Dans l’éducation bulgare, la narration et l’apprentissage narratif sont principalement utilisés comme méthodes innovantes pour l’apprentissage des langues étrangères et l’éducation civique, tandis que l’uchronie est davantage présente en tant qu’outil parascolaire ou académique pour développer la pensée critique. Ils sont utilisés dans l’apprentissage des langues étrangères (EFL) : les enseignants bulgares utilisent des contes populaires bulgares dans leurs cours d’anglais. Cette approche aide les élèves à relier les nouvelles structures linguistiques à leur contexte culturel familier, ce qui améliore la mémorisation et la motivation. Ils sont également utilisés pour l’éducation des enfants en situation de vulnérabilité. Des approches narratives sont également utilisées en histoire : dans l’enseignement officiel de l’histoire en Bulgarie, l’accent a traditionnellement été mis sur les faits et les dates, mais des tentatives ont été faites pour s’orienter vers des méthodes plus engageantes.

Exemples de projets, programmes ou pratiques

Programme Narrative 4 : depuis 2023, la méthodologie internationale Narrative 4 est mise en œuvre en Bulgarie, reliant plus de 1 700 jeunes grâce au « partage d’histoires ». L’objectif est de développer l’empathie et l’intelligence émotionnelle à travers le partage d’expériences personnelles

Des organisations telles que Together in Class développent des méthodologies spécialisées pour enseigner le bulgare comme deuxième langue aux enfants bilingues (issus de la communauté rom ou réfugiés), en utilisant des outils narratifs pour faciliter l’intégration sociale

Projet BE-SELF : se concentre sur l’intégration des compétences socio-émotionnelles en classe par le biais de la formation des enseignants et de ressources numériques. L’objectif est de développer l’empathie, l’autorégulation et des relations positives.
– Potentiel éducatif de l’uchronie dans le contexte national :

L’uchronie (ou histoire alternative) dans le contexte bulgare présente un potentiel éducatif significatif, car elle permet aux élèves et aux chercheurs de repenser les moments « traumatisants » clés de l’histoire nationale à travers la méthode de l’expérience de pensée.
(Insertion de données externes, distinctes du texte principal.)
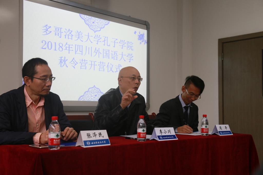 李小川副校长代表学校向参加秋令营的营员表示欢迎。他希望通过本次秋令营的教学活动和文化活动,同学们可以感受山城重庆的独特魅力,体验独特的巴蜀文化,在语言和文化方面获得较大的进步和较多的收获。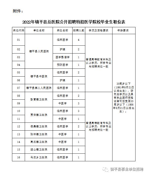 附件:镇平县2022年公开招聘特招太阳成集团tyc122cc校毕业生职位表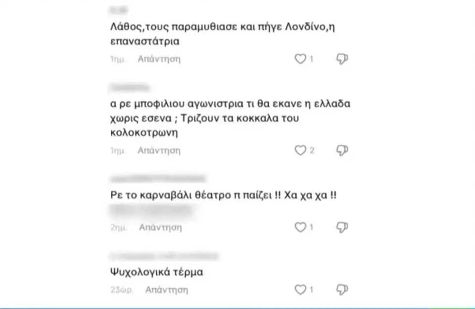 «Με φόρεμα 2.000 ευρώ τσακίζεται ο φασισμός. Τους πνίγεις τους φασίστες με μετάξι και σατέν», είναι ένα από τα χαρακτηριστικότερα σχόλια, με αρκετούς να κάνουν αναφορές και σε παλαιότερο ταξίδι της στο Λονδίνο.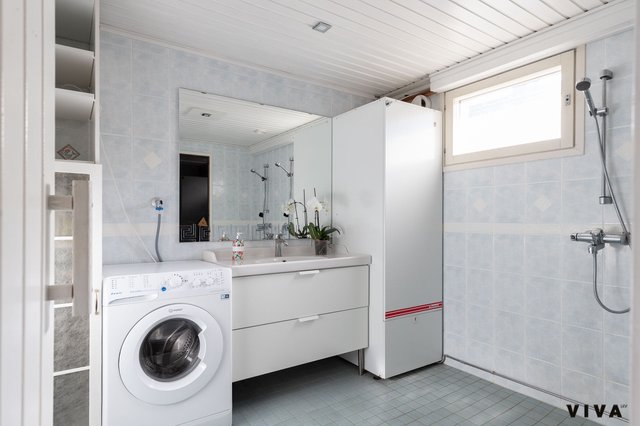 - Suihku, pesukoneliitäntä, lattialämmitys, peili, pesuallas, ja allaskaappi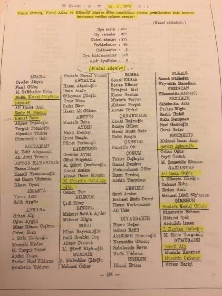 Bu sayı, CHP'li milletvekillerinin oylarıyla tamamlandı. Buna göre CHP'den 30 evet, 47 hayır, 2 çekimser oy çıkarken; 52 CHP'li de oylamaya katılmadı.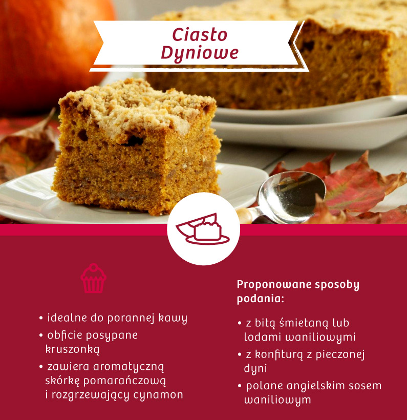 Dynia ma na tyle neutralny smak, że z powodzeniem można z niej przygotować słodkie śniadanie, przekąskę czy deser. Bardzo popularne jest korzenne, rozgrzewające ciasto dyniowe z dodatkiem skórki pomarańczy i cynamonu, które może być pysznym i pożywnym śniadaniem, przekąską do kawy lub dodatkiem do zimowej herbaty z pomarańczami i goździkami.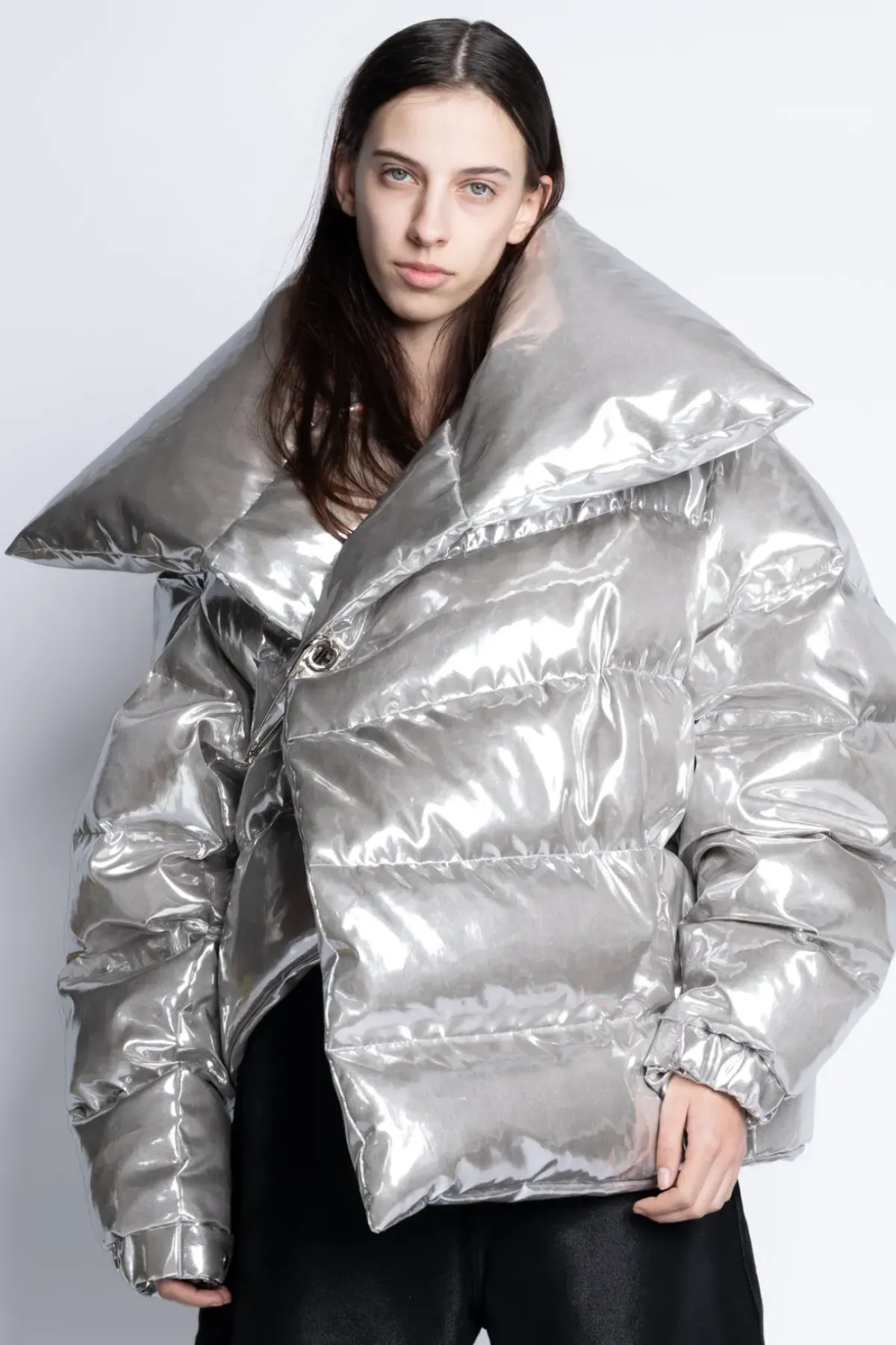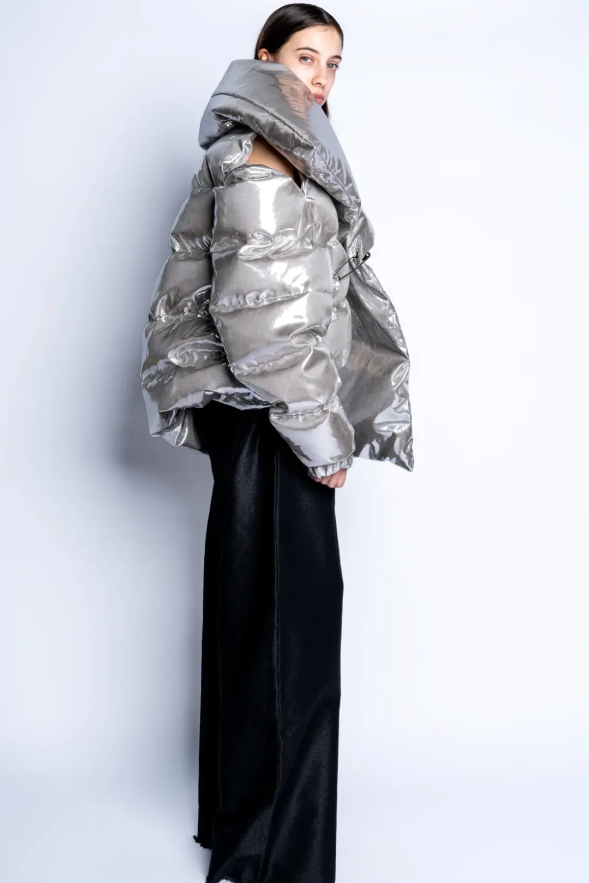 Classic M'A Puffa Jacket in silver – flaunt this pointed open-collar silhouette, secured by a silver safety pin closure. Boasting an asymmetric hem and an opening on the left shoulder, this jacket is a must-have in your wardrobe.

Potentiel éducatif de l'uchronie dans le contexte national

L’uchronie (ou histoire alternative) dans le contexte bulgare présente un potentiel éducatif significatif, car elle permet aux élèves et aux chercheurs de repenser les moments « traumatisants » clés de l’histoire nationale à travers la méthode de l’expérience de pensée.

Applications éducatives de l’uchronie :

– Pensée critique et causalité historique : l’utilisation de l’uchronie en classe aide les élèves à comprendre que l’histoire n’est pas une série d’événements inévitables, mais le résultat de décisions spécifiques et de coïncidences. Explorer des scénarios tels que « Que se serait-il passé si la Bulgarie n’avait pas perdu la guerre aux côtés des Alliés ? » ou « Que se serait-il passé si le 9 septembre 1944 n’avait pas eu lieu ? » stimule l’analyse des relations de cause à effet.

– Surmonter les traumatismes nationaux : l’histoire bulgare est riche en événements perçus comme des « catastrophes nationales » (par exemple, les traités de Neuilly et de Berlin). Le récit uchronique permet de déconstruire ces traumatismes en explorant les occasions manquées et les voies alternatives de développement, ce qui atténue le sentiment fataliste de malheur historique.

– Analyse littéraire et culturelle : dans la littérature bulgare, l’uchronie est considérée comme un genre se situant entre « l’uchronie » et « l’utopie temporelle ». Des auteurs tels que Nikolay Genov explorent le potentiel de ce genre pour repenser le passé dans le contexte d’un « avenir épuisé ».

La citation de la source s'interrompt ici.